WHAT YOU WILL DO
If a record contains a picture, skip the picture and transcribe the rest exactly.

INFORMATION SHOWN
::::
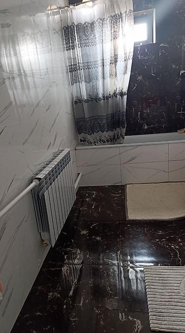 - Санузел с ванной: стены и экран ванны облицованы крупноформатной плиткой «под мрамор», контрастный темный пол, компактное окно для естественного света, радиатор отопления, защитный поручень, текстильные шторы и коврики.
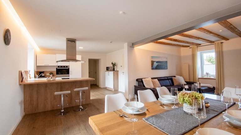 Das Ferienhaus Traumzeit verfügt über 2 Schlafzimmer und bietet Platz für bis zu 4 Personen. Das Haus ist geschmackvoll eingerichtet und verfügt über ein gemütliches Wohnzimmer mit einem Flachbild-Sat-TV. Die voll ausgestattete Küche bietet Ihnen die Möglichkeit, Ihre eigenen Mahlzeiten zuzubereiten. Das Ferienhaus verfügt außerdem über 2 Badezimmer mit Dusche und Badewanne. Handtücher und Bettwäsche werden gestellt, um Ihren Aufenthalt so angenehm wie möglich zu gestalten.
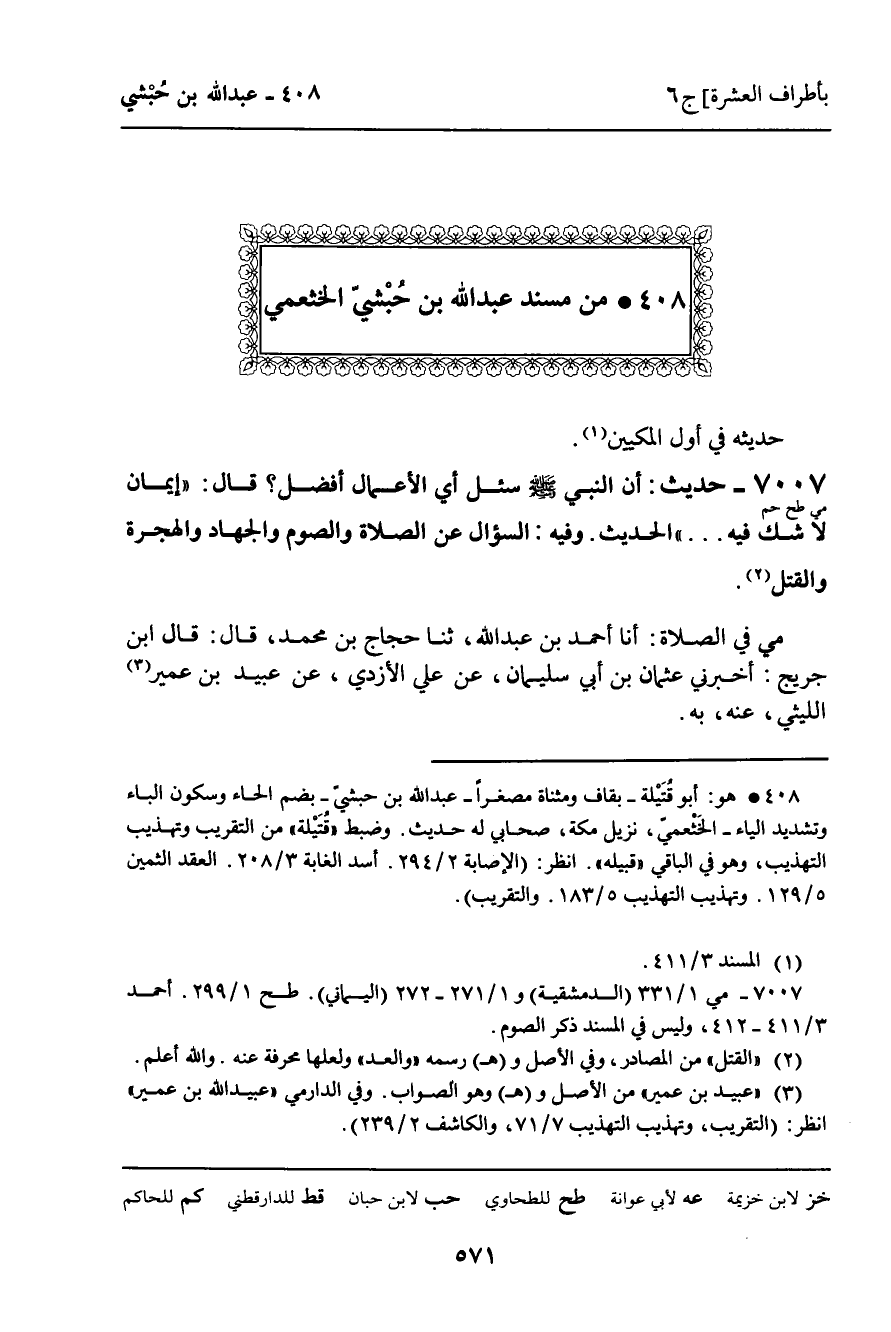 408 ـ مِنْ مُسْنَدِ عَبْدِ اللَّهِ بْنِ حُبْشِيٍّ الْخَثْعَمِيِّ.
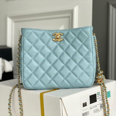 CHANEL香奈兒 晶片版 核桃金球hobo藍色羊皮腋下包 AS3259
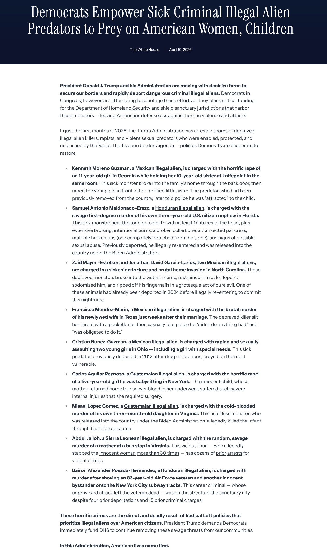 We need an ALL-OF-GOVERNMENT response to the migration crisis in our Country!State ought take maximal action to increase deportations for national security!Treasury ought confirm immigration status with tax filings!Transportation ought collect immigration status when they inspect trucks!Interior ought enforce measures to protect our Country against foreign labor in national parks!Agriculture ought crack down on abuse of farm labor visas!Labor ought throw the book and bust unscrupulous employers which hire illegals!JUSTICE ought launch an all-out judicial crackdown to crush migrant crime and anti-American discrimination! WAR ought mobilize to clear illegal alien terrorists off the streets!Commerce ought restrict government money to companies with strict immigration protocols and secure our economy amid crisis!HHS ought declare that public health justifies emergency measures to deport illegals!HUD ought help DHS to deport illegals who use government housing! Arrest them in their sleep!ED ought collect data on illegals in school and teach children of the migration threat!Energy should be tightening security protocols against migrant crime & terrorism!VA should lend VA Police to DHS!Even other agencies of DHS can lend their staff to ICE and CBP! (In fact, why not establish Joint Deportation Commands in various districts across the Country?)Every department has multiple roles it can fulfill in our national struggle against foreign contamination! Labor can do a lot more than just break bad unions--they collect labor statistics, it's not hard to collect illegal alien labor data!REGULATE IMMIGRATION TO DEATH! Have every department writing regulations to protect the American people against legal alien labor and reduce the number of foreigners in America!We cannot stop restricting the barbarians until our wages recover and our Country is happy and prosperous again!
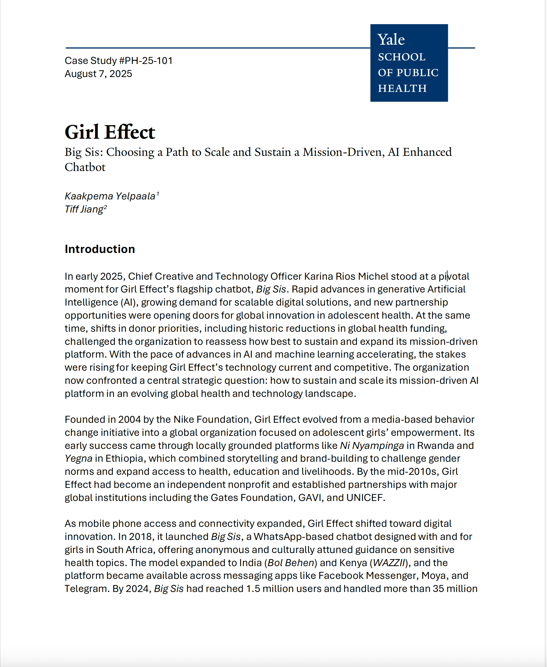 2025 Yale School of Public Health Case Study : Girl Effect, Big Sis: Choosing a Path to Scale and Sustain a Mission-Driven, AI Enhanced Chatbot
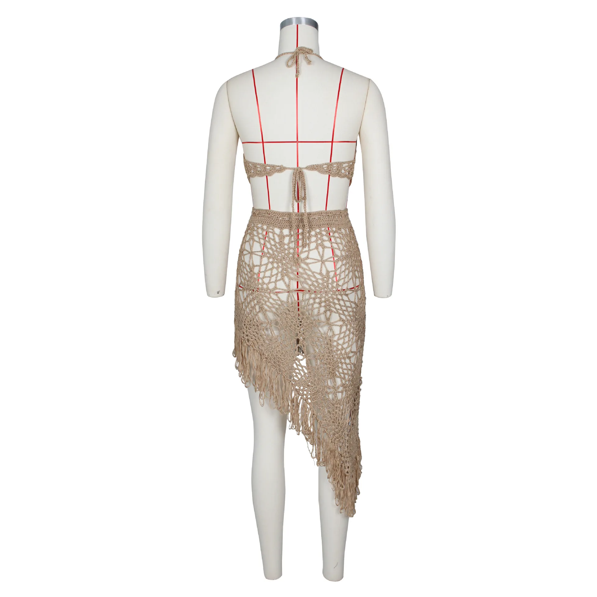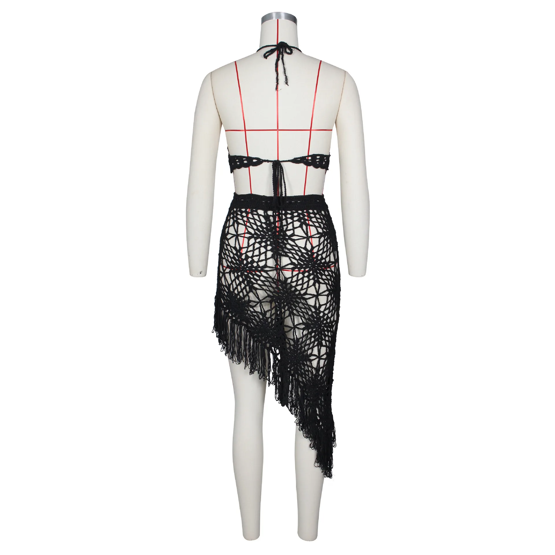 Женский вязаный комплект RT, с кисточками, короткий топ на завязках, асимметричная юбка, вязаный комплект из двух предметов, сексуальная пляжная одежда
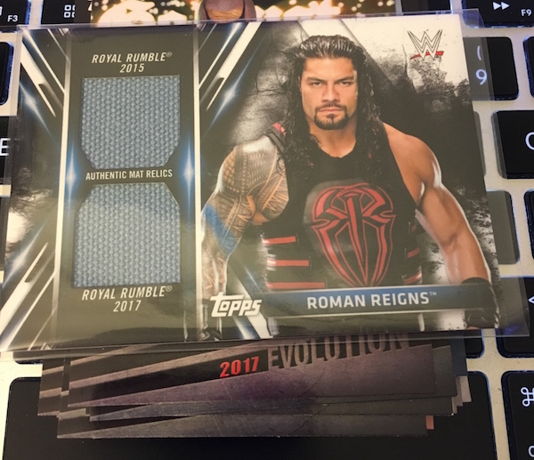 What's Buzz-worthy: This box delivered pretty well with a rarer double Relic for a top star, a numbered parallel and some strong names across the board. It's not the flashiest box, but it's an A box. ... As said before, the formula of recent years works here -- and it works pretty well -- with a couple of tribute sets (one depending on where you buy ... this was a Walmart box) and an array of parallels. The new insert here -- one that I think is relatively unique and helps this one -- is Evolution, a set that takes us through the various iterations of a character or characters a wrestler has used. Some of the inclusions there are ones I don't think have seen cardboard before. The photography here is pretty solid in some spots but this one just felt like it needed something more. The parallels are colorful and easy to spot, but do feel a little bit bland. ... There are belt Relics to be found in these (a negative to me) along with the mat and shirt Relics and, more importantly, you do get a shot at autographed Relics and other hits like printing plates at longer odds. (One in 85 boxes on plates, one at 236 boxes and up for a few versions of ink.) I'll undoubtedly tear into more of these in the coming weeks, though hobby is the stronger and safer bet for your buck with an autograph in every box. The names you don't see in this one -- notably Ronda Rousey -- means you'll probably get them all in Series 2 this fall. All in all, this one's on par with flagship sets of recent years, I just feel like these need some "other" type of card to mix things up and add to the variety -- something as simple as a fold-out card. Otherwise, it's a strong basic brand that offers a good amount of first-time cards -- and a few first-time autos -- along with the hits.
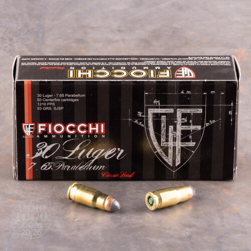 This is 30 Luger / 7.65 Fiocchi 93gr. Soft Point Ammo. This ammo is manufactured by fiocchi in Italy, and is excellent quality ammo. I have shot many rounds of this ammo and I am very pleased with the way it functions. It is clean and accurate. This ammo is brass cased, non-corrosive and 100% new factory fresh. This is some excellent target or hunting ammo for the price. This ammo comes packed in 50rd. boxes.
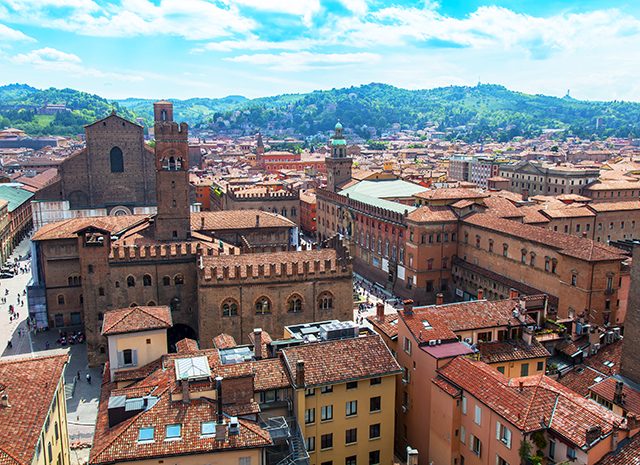 Административный центр Эмилии-Романьи — город Болонья — всемирно известен во многом благодаря своему старейшему университету. Гуляя по Болонье, трудно не заметить, что основная часть ее жителей — студенты. Город интересен своей архитектурой, которая мало изменилась за несколько веков, а также огромным количеством католических соборов, внутри похожих на сокровищницы. Во многих из них до сих пор хранятся средневековые иконы и фрески — настоящие произведения искусства. Если вы приедете в город во время летней жары, гулять все равно будет комфортно, ведь большая часть тротуаров в туристических зонах расположена в галереях. В Болонье около 40 километров галерей и арок! Чтобы посмотреть на город с высоты птичьего полета, необходимо подняться на одну из самых высоких башен в городе — башню Азинелли.
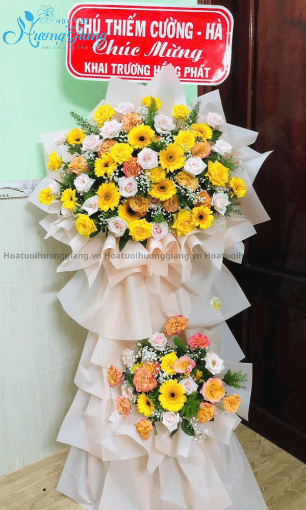 Hãy cùng Hoa Tươi Hương Giang tham khảo Kệ Hoa Khai Trương Tiền Vào – KT 32 ngay bên dưới nhé:
::::
ANSWER SPACE
 - Санузел с ванной: стены и экран ванны облицованы крупноформатной плиткой «под мрамор», контрастный темный пол, компактное окно для естественного света, радиатор отопления, защитный поручень, текстильные шторы и коврики.
 Das Ferienhaus Traumzeit verfügt über 2 Schlafzimmer und bietet Platz für bis zu 4 Personen. Das Haus ist geschmackvoll eingerichtet und verfügt über ein gemütliches Wohnzimmer mit einem Flachbild-Sat-TV. Die voll ausgestattete Küche bietet Ihnen die Möglichkeit, Ihre eigenen Mahlzeiten zuzubereiten. Das Ferienhaus verfügt außerdem über 2 Badezimmer mit Dusche und Badewanne. Handtücher und Bettwäsche werden gestellt, um Ihren Aufenthalt so angenehm wie möglich zu gestalten.
 408 ـ مِنْ مُسْنَدِ عَبْدِ اللَّهِ بْنِ حُبْشِيٍّ الْخَثْعَمِيِّ.
 CHANEL香奈兒 晶片版 核桃金球hobo藍色羊皮腋下包 AS3259
 We need an ALL-OF-GOVERNMENT response to the migration crisis in our Country!State ought take maximal action to increase deportations for national security!Treasury ought confirm immigration status with tax filings!Transportation ought collect immigration status when they inspect trucks!Interior ought enforce measures to protect our Country against foreign labor in national parks!Agriculture ought crack down on abuse of farm labor visas!Labor ought throw the book and bust unscrupulous employers which hire illegals!JUSTICE ought launch an all-out judicial crackdown to crush migrant crime and anti-American discrimination! WAR ought mobilize to clear illegal alien terrorists off the streets!Commerce ought restrict government money to companies with strict immigration protocols and secure our economy amid crisis!HHS ought declare that public health justifies emergency measures to deport illegals!HUD ought help DHS to deport illegals who use government housing! Arrest them in their sleep!ED ought collect data on illegals in school and teach children of the migration threat!Energy should be tightening security protocols against migrant crime & terrorism!VA should lend VA Police to DHS!Even other agencies of DHS can lend their staff to ICE and CBP! (In fact, why not establish Joint Deportation Commands in various districts across the Country?)Every department has multiple roles it can fulfill in our national struggle against foreign contamination! Labor can do a lot more than just break bad unions--they collect labor statistics, it's not hard to collect illegal alien labor data!REGULATE IMMIGRATION TO DEATH! Have every department writing regulations to protect the American people against legal alien labor and reduce the number of foreigners in America!We cannot stop restricting the barbarians until our wages recover and our Country is happy and prosperous again!
 2025 Yale School of Public Health Case Study : Girl Effect, Big Sis: Choosing a Path to Scale and Sustain a Mission-Driven, AI Enhanced Chatbot
 Женский вязаный комплект RT, с кисточками, короткий топ на завязках, асимметричная юбка, вязаный комплект из двух предметов, сексуальная пляжная одежда
 What's Buzz-worthy: This box delivered pretty well with a rarer double Relic for a top star, a numbered parallel and some strong names across the board. It's not the flashiest box, but it's an A box. ... As said before, the formula of recent years works here -- and it works pretty well -- with a couple of tribute sets (one depending on where you buy ... this was a Walmart box) and an array of parallels. The new insert here -- one that I think is relatively unique and helps this one -- is Evolution, a set that takes us through the various iterations of a character or characters a wrestler has used. Some of the inclusions there are ones I don't think have seen cardboard before. The photography here is pretty solid in some spots but this one just felt like it needed something more. The parallels are colorful and easy to spot, but do feel a little bit bland. ... There are belt Relics to be found in these (a negative to me) along with the mat and shirt Relics and, more importantly, you do get a shot at autographed Relics and other hits like printing plates at longer odds. (One in 85 boxes on plates, one at 236 boxes and up for a few versions of ink.) I'll undoubtedly tear into more of these in the coming weeks, though hobby is the stronger and safer bet for your buck with an autograph in every box. The names you don't see in this one -- notably Ronda Rousey -- means you'll probably get them all in Series 2 this fall. All in all, this one's on par with flagship sets of recent years, I just feel like these need some "other" type of card to mix things up and add to the variety -- something as simple as a fold-out card. Otherwise, it's a strong basic brand that offers a good amount of first-time cards -- and a few first-time autos -- along with the hits.
 This is 30 Luger / 7.65 Fiocchi 93gr. Soft Point Ammo. This ammo is manufactured by fiocchi in Italy, and is excellent quality ammo. I have shot many rounds of this ammo and I am very pleased with the way it functions. It is clean and accurate. This ammo is brass cased, non-corrosive and 100% new factory fresh. This is some excellent target or hunting ammo for the price. This ammo comes packed in 50rd. boxes.
 Административный центр Эмилии-Романьи — город Болонья — всемирно известен во многом благодаря своему старейшему университету. Гуляя по Болонье, трудно не заметить, что основная часть ее жителей — студенты. Город интересен своей архитектурой, которая мало изменилась за несколько веков, а также огромным количеством католических соборов, внутри похожих на сокровищницы. Во многих из них до сих пор хранятся средневековые иконы и фрески — настоящие произведения искусства. Если вы приедете в город во время летней жары, гулять все равно будет комфортно, ведь большая часть тротуаров в туристических зонах расположена в галереях. В Болонье около 40 километров галерей и арок! Чтобы посмотреть на город с высоты птичьего полета, необходимо подняться на одну из самых высоких башен в городе — башню Азинелли.
 Hãy cùng Hoa Tươi Hương Giang tham khảo Kệ Hoa Khai Trương Tiền Vào – KT 32 ngay bên dưới nhé:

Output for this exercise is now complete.